*** Begin section ***

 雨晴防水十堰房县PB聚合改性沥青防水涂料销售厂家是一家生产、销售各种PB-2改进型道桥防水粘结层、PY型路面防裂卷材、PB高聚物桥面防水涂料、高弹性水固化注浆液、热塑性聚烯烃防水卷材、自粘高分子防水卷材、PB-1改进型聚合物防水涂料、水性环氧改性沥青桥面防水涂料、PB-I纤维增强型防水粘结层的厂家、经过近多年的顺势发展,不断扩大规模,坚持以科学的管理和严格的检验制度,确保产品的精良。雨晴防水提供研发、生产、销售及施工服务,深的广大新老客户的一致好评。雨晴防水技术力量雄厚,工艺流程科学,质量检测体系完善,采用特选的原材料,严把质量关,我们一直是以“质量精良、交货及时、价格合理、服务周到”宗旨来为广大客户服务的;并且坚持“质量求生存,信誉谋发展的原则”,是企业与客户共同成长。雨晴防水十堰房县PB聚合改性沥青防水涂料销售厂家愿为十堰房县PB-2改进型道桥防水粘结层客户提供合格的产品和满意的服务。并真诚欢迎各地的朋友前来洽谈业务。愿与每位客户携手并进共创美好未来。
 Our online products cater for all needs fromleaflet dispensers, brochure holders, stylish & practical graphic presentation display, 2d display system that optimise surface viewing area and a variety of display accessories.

*** End section ***
*** Begin section ***

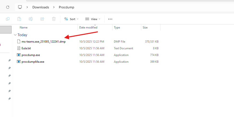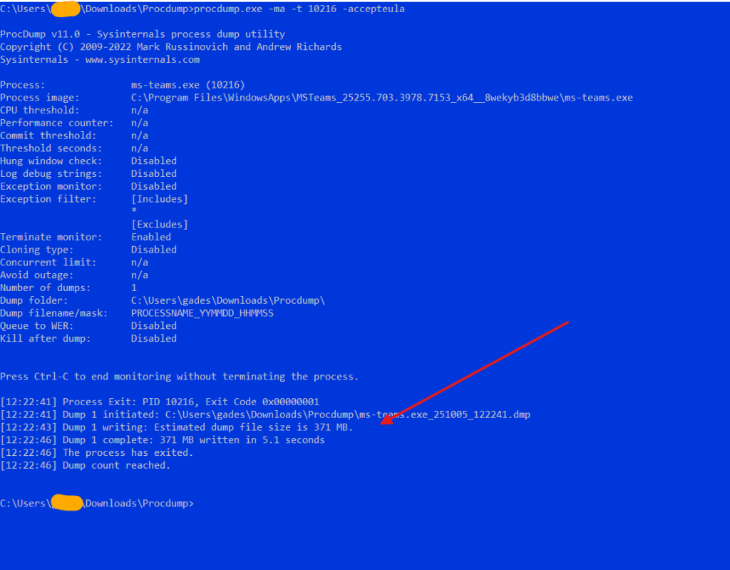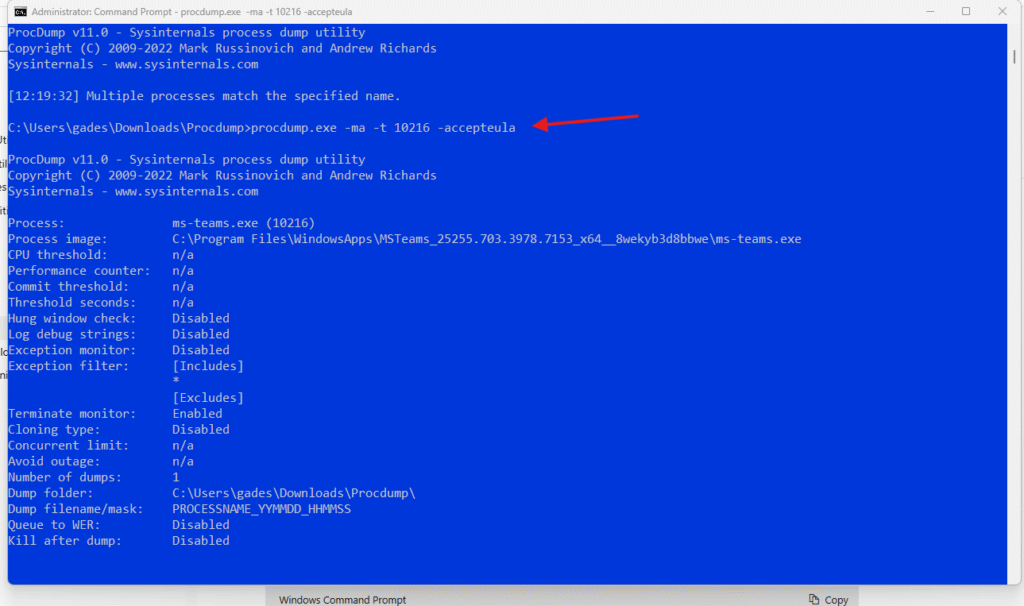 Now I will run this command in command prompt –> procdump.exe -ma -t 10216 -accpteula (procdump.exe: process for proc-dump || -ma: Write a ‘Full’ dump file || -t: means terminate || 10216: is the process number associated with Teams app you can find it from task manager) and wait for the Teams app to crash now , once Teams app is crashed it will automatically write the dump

*** End section ***
*** Begin section ***

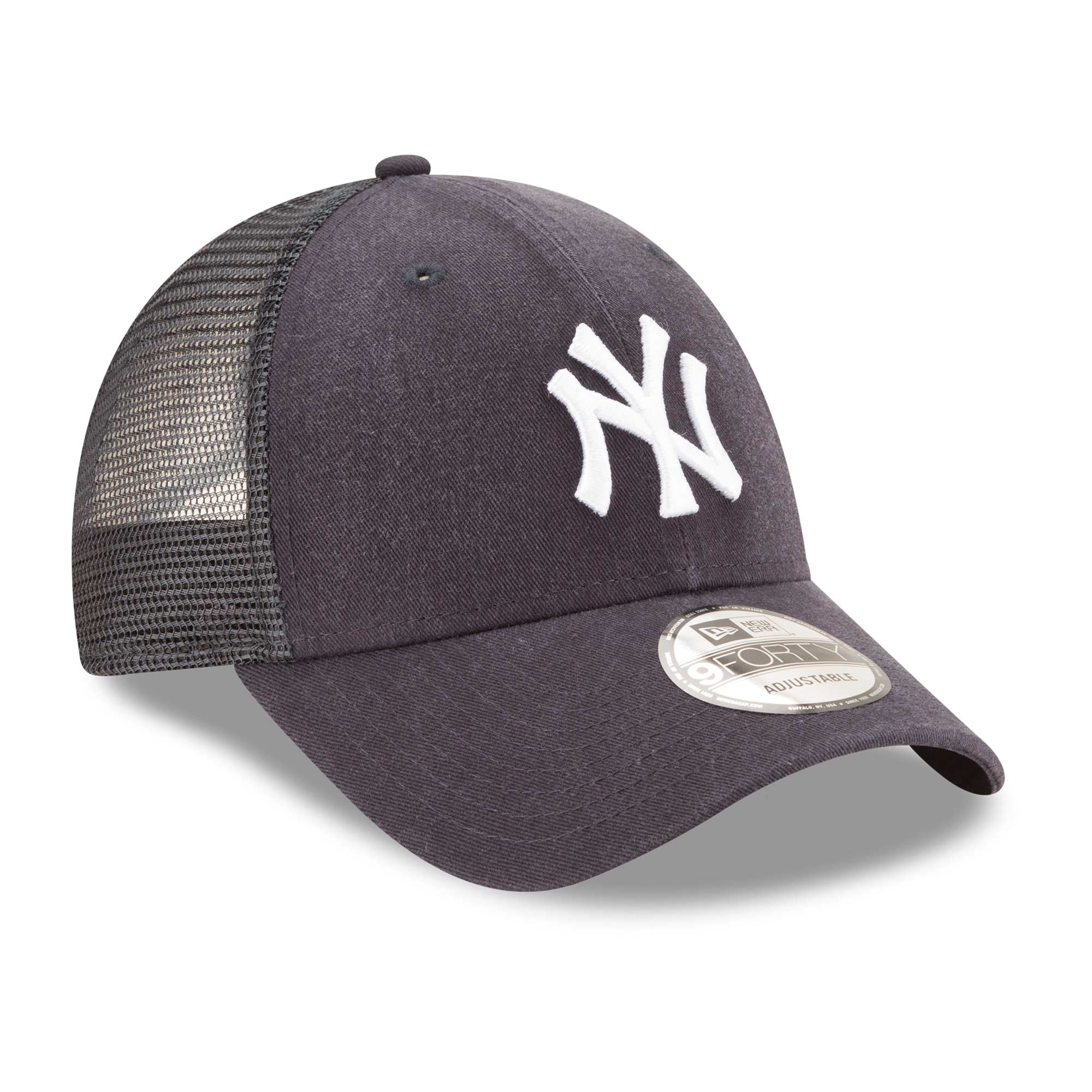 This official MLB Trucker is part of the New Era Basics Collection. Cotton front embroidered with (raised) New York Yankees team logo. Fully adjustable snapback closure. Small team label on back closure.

*** End section ***

# Problem statement
From the records above, print only the lines between the one holding "雨晴防水十堰房县PB聚合改性沥青防水涂料销售厂家是一家生" and the one holding "Our online products", inclusive, exactly as they stand.

# Problem solution
 雨晴防水十堰房县PB聚合改性沥青防水涂料销售厂家是一家生产、销售各种PB-2改进型道桥防水粘结层、PY型路面防裂卷材、PB高聚物桥面防水涂料、高弹性水固化注浆液、热塑性聚烯烃防水卷材、自粘高分子防水卷材、PB-1改进型聚合物防水涂料、水性环氧改性沥青桥面防水涂料、PB-I纤维增强型防水粘结层的厂家、经过近多年的顺势发展,不断扩大规模,坚持以科学的管理和严格的检验制度,确保产品的精良。雨晴防水提供研发、生产、销售及施工服务,深的广大新老客户的一致好评。雨晴防水技术力量雄厚,工艺流程科学,质量检测体系完善,采用特选的原材料,严把质量关,我们一直是以“质量精良、交货及时、价格合理、服务周到”宗旨来为广大客户服务的;并且坚持“质量求生存,信誉谋发展的原则”,是企业与客户共同成长。雨晴防水十堰房县PB聚合改性沥青防水涂料销售厂家愿为十堰房县PB-2改进型道桥防水粘结层客户提供合格的产品和满意的服务。并真诚欢迎各地的朋友前来洽谈业务。愿与每位客户携手并进共创美好未来。
 Our online products cater for all needs fromleaflet dispensers, brochure holders, stylish & practical graphic presentation display, 2d display system that optimise surface viewing area and a variety of display accessories.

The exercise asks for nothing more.